I got home last night, felt for my cell phone, a Treo 650 that I’ve had since 2005, and found only an empty holster.
I immediately flashed back to when I probably lost it. I was sitting on the floor of the BART train because I wanted to talk with a friend, there weren’t enough seats and, well, in San Francisco it’s not THAT uncommon to see middle-aged professionals sitting on the carpeted floor of the train. My phone holster doesn’t have a flap or cover and a few times in the past sitting or crouching has caused my phone to fall out of the case.
No panic. I make a habit of regularly backing up my phone data. All my data was safe and sound in my home computer.
And then the second wave of realization struck me and I was afraid. All of my personal data–more than 700 personal and business contacts–was floating around on a BART train.
Information about my family, my friends, all my appointments for the last two years and for several months into the future, including flight confirmation numbers, doctor appointments, birthdays–all sorts of private information was now possibly in the hands of some unknown person. Crap, CRAP, CRAP!
Maybe my friend that I was talking with had noticed the phone on the floor of the train. Maybe some nice suburban commuter had turned the phone in to the station agent. Maybe I would get it back…BART has a pretty good lost-and-found system. Or maybe it was in the hands of someone who is snoopy and nosy and mean-spirited. Who knows?
I called the wireless carrier from a land line and deactivated service. I thought about all the information about my family that I had possibly put in the hands of a stranger. Why hadn’t I used a power-on password to protect my private data?
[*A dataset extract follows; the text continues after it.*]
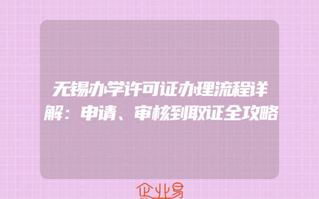 - 无锡办学许可证办理流程详解:申请、审核到取证全攻略

I solemnly promised to use a password on my new phone. (I also wondered, “Do I still have an alarm clock that works?” Yes, I use my phone’s alarm system to wake up in the morning.) Then I thought of more pleasant things like what kind of new phone I should get.
With the dawn, and the ringing of an unfamiliar jangle, came a new day. I came to work and there, sitting on my desk was my phone.
I almost wept.
Here’s what I actually did:
1) I assigned a power-on password to my phone.
2) I updated the owner information on the device: Previously it had had the old address where I lived when I bought the phone. I deleted the address information and put my work phone number where a finder would be able to call and at least leave me a message to arrange the phone’s return. I deleted the address and ZIP code from the owner information. No need to make identity theft too easy.
3) I committed to a $100 reward for return of the phone. I don’t really care about the phone instrument itself, but I do care about the (now password-protected) data. I have no illusions about the strength of the password protection, but it would deter a casual finder from easily accessing my most important data. My Labs colleague Tiffany Maleshefski asked how I arrived at $100 for a reward–she thought I should go higher. Good question. I guess $100 is the value I put on my personal data. If you have a good formula for figuring out the reward value for a personal phone, I’d love to hear it.
4) I marked up the phone case with “Reward offered” with a Sharpie. I added my contact phone number and reward information on the battery too. (I hesitated before marking up the battery, unsure if Sharpie ink would have some deleterious effect on the battery case. In the end I decided to take the chance.)
5) I’ve decided to make daylight-saving time day the day I check the batteries in my smoke detectors AND the day I review my personal disaster recovery plan, including how I back up and protect the most important device in my life, my cell phone. Oh, and I’m getting a new holster with a clasp.